What Jobs Will Healthcare Stimulus Funding Create?
With billions of economic stimulus dollars flowing to healthcare, American workers can expect a burst of job creation in the industry in 2009 and beyond, including new positions for clinicians and professionals in key support areas.
The numbers are impressive: More than 200,000 clinical and nonclinical jobs could be created by healthcare stimulus spending, according to government estimates. And that’s in an industry that continued to increase hiring through 2008, a year of recession: Just over 5.6 million healthcare and social-assistance hires were made in 2008, more than in any other year this decade, according to the Bureau of Labor Statistics.
Where will the jobs be? All over the country, in many care settings and in many healthcare industry sectors, but most significantly in these three:
- Healthcare information technology.
- Medical and allied-health training.
- Community health.
Healthcare IT Jobs Will Get a Huge Boost
President Barack Obama sees healthcare information technology (HIT) in general, and electronic medical records (EMRs) in particular, as keys to improving the quality of care while reducing costs. Working with Congress, the president secured a major investment in HIT when he signed the American Recovery and Reinvestment Act into law.

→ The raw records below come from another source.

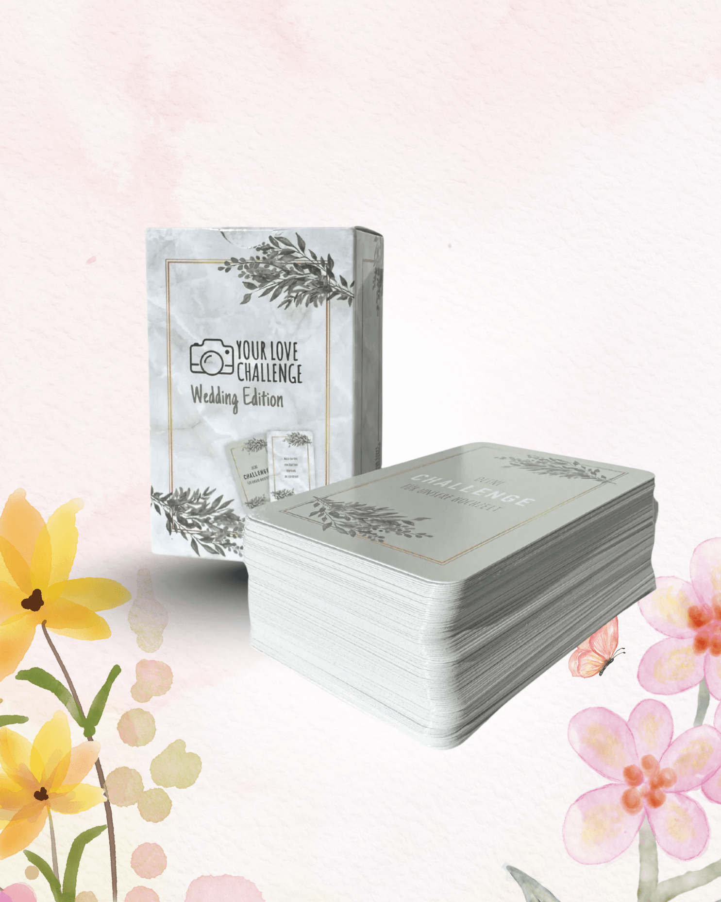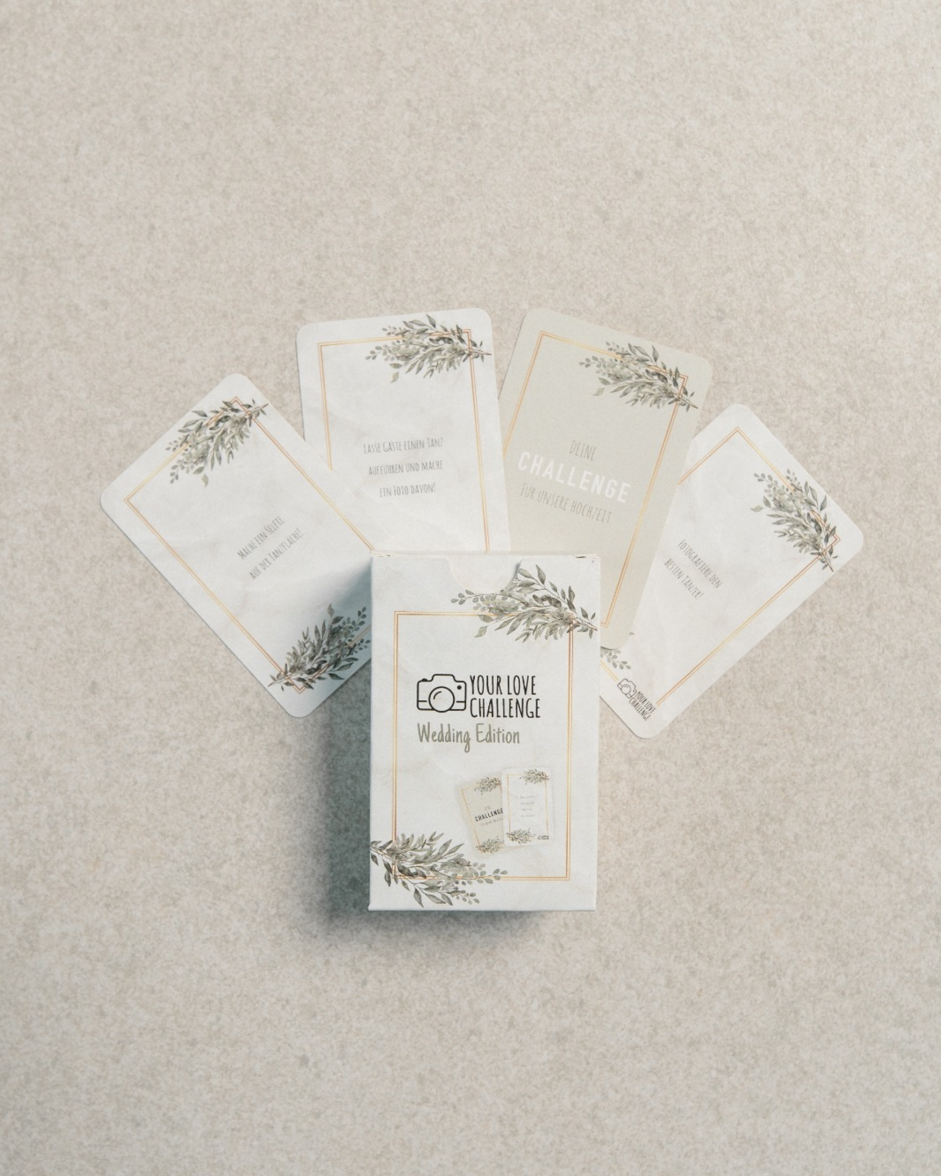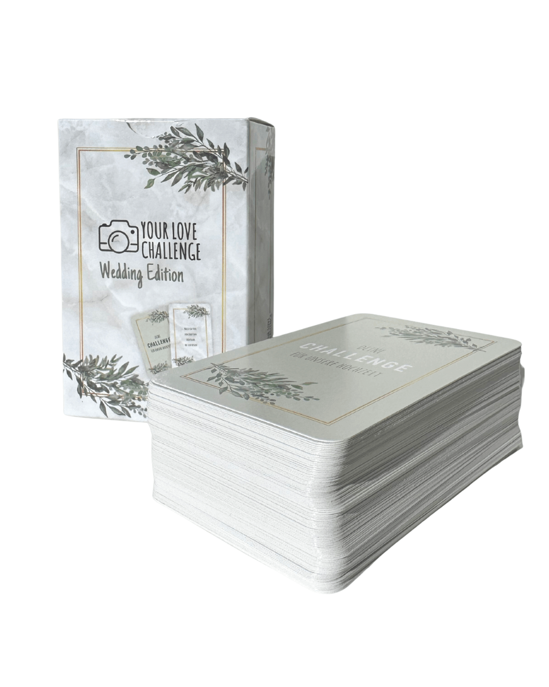 Willkommen bei YourLoveChallenge! Evelin und Daniel präsentieren die Spielkarten, die speziell dafür gestaltet wurden, die Stimmung auf jeder Hochzeit auf ein Maximum zu bringen. Unsere Mission ist es, mit kreativen Challenges die Gäste einander näherzubringen und unvergessliche Momente zu schaffen, die für immer festgehalten werden. Ob als Geschenk vom Gast oder als persönliche Investition des Brautpaars, die Challenge Karten sind ein garantierter Hit für eine unvergessliche Hochzeit. Genießt die Zeit mit den engsten, denn diesen Tag gibt es nur EINMAL IM LEBEN! 💖
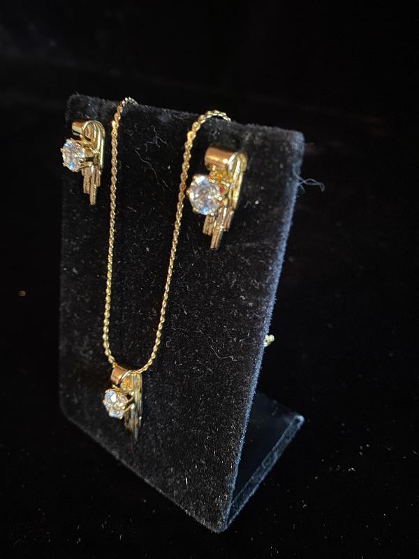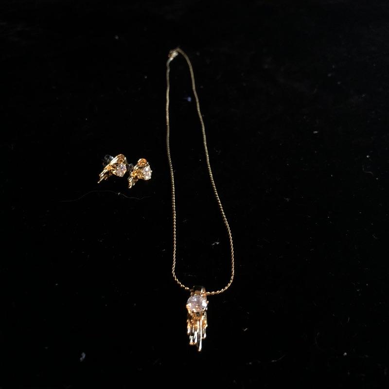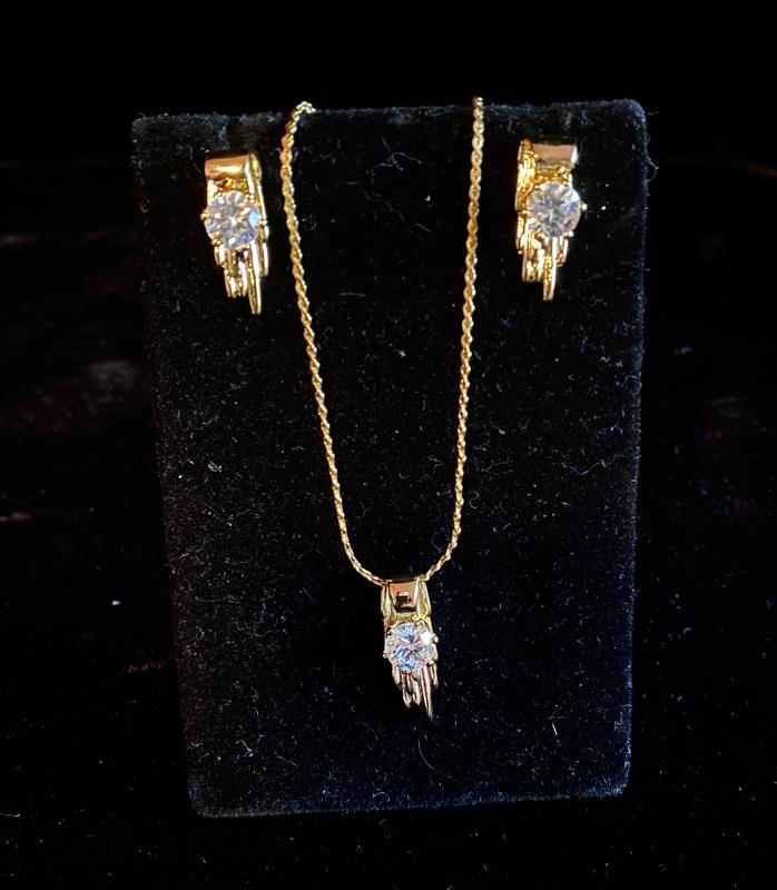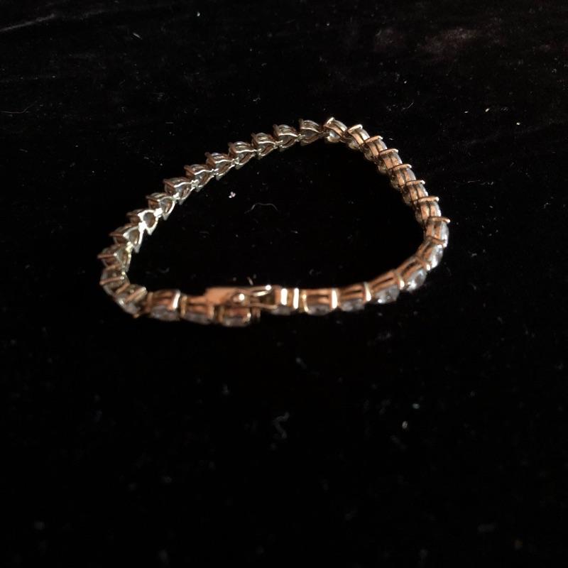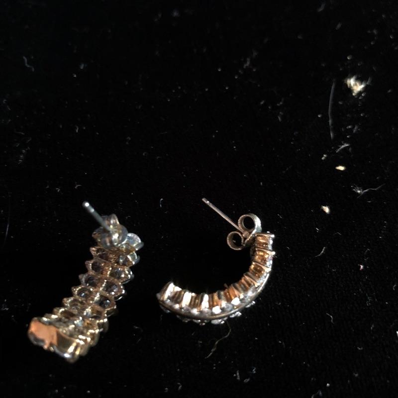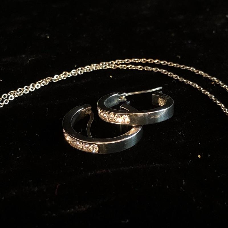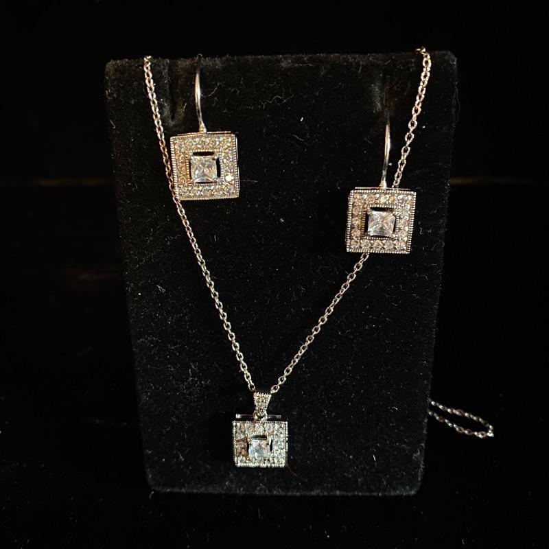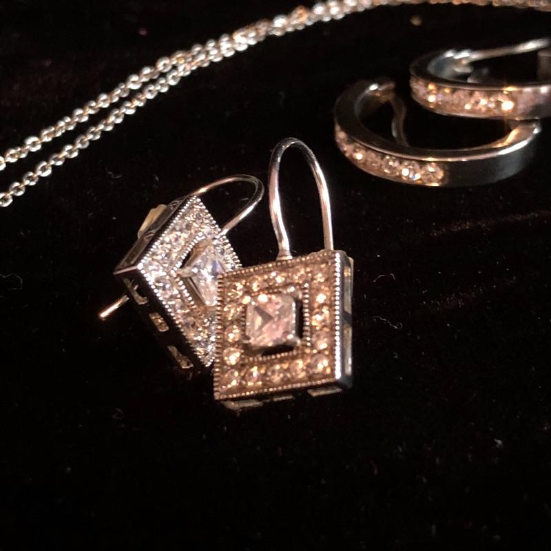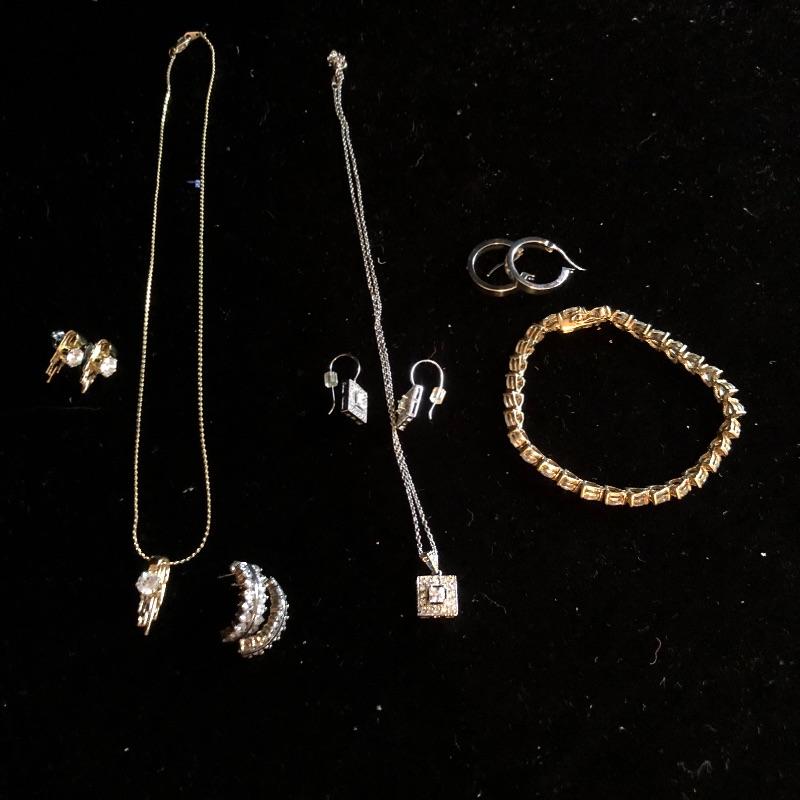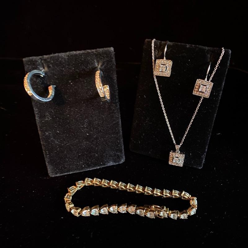 This lot contains several sparkly 925 pieces and more! The 925 pieces include the silver necklace with the square pendant and matching square earrings. The Crystal and silver hoop earrings and the crystal heart shaped bracelet are also marked 925. In addition to those pieces, this lot also includes beautiful semi-hoop earrings along with a matching gold colored and crystal necklace and earring set. There are no marks on this set. Shipping available.
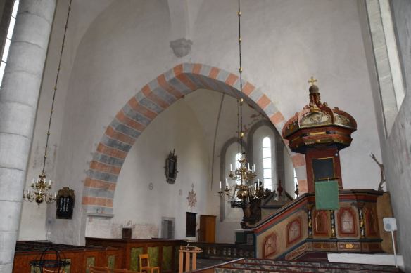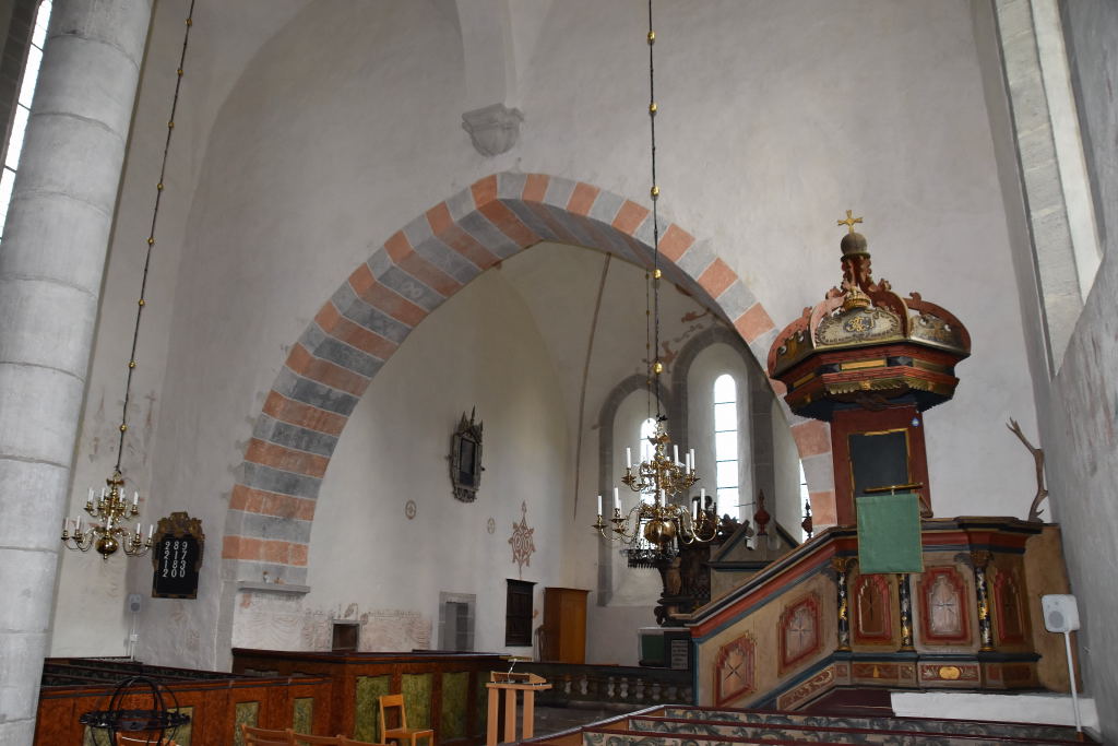 Interiör med predikstolen som är utförd av Johan Hernell 1737. Den har kvar sin ursprungliga färg.
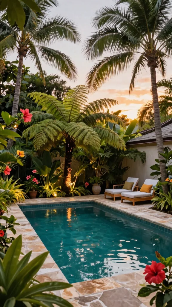 Imagine stepping into your own tropical oasis every time you visit your private pool. By layering lush foliage, you can create a vibrant escape filled with the soothing sounds of nature. Opt for plants like palm trees, hibiscus, and ferns to craft a rich, colorful backdrop that offers both beauty and privacy. Tall plants around the pool provide a natural barrier, letting you enjoy your space without prying eyes.

As a result, tens of thousands of IT professionals will be hired into the following roles, according to Richard Howe, a vice president of HIT consulting firm Healthcare Informatics Associates: Developers who create or customize EMR software for hospitals; systems integrators who bring together a multitude of legacy applications; IT trainers; and clinical consultants -- RNs, lab technicians, pharmacists and others -- who will apply their knowledge of hospital operations to the implementation of EMR systems.
HIT projects will require software engineers, analysts and technicians, as well as IT and IS managers. Their expertise will be deployed on projects including medical informatics, consumer health informatics, healthcare management software and healthcare information security. “There will be a significant demand for tech workers with strong security credentials,” says Steven Ostrowski, a spokesman for CompTIA, a technology industry association.
Many HIT jobs will be open to experienced IT professionals from other industries. “By the nature of the evolving discipline of HIT, there’s a lot of learning on the job,” says Thomas Horan, an associate professor of information technology at Claremont Graduate University.
But a host of other healthcare systems jobs may require specialized academic training. Institutions such as Claremont are ready with a master’s program in health IT, while DeVry University offers degree programs in healthcare information systems and technical management with a health information managment specialty.
When will the HIT jobs begin to flow? “The money will start to become available in late 2010 or early 2011,” Howe says. “But if a hospital wants to take full advantage of the federal funding, they have to be ready with a qualified EMR system, and that takes two or three years.” For that reason, many hospitals will quickly ramp up their efforts to lay the foundations for EMRs.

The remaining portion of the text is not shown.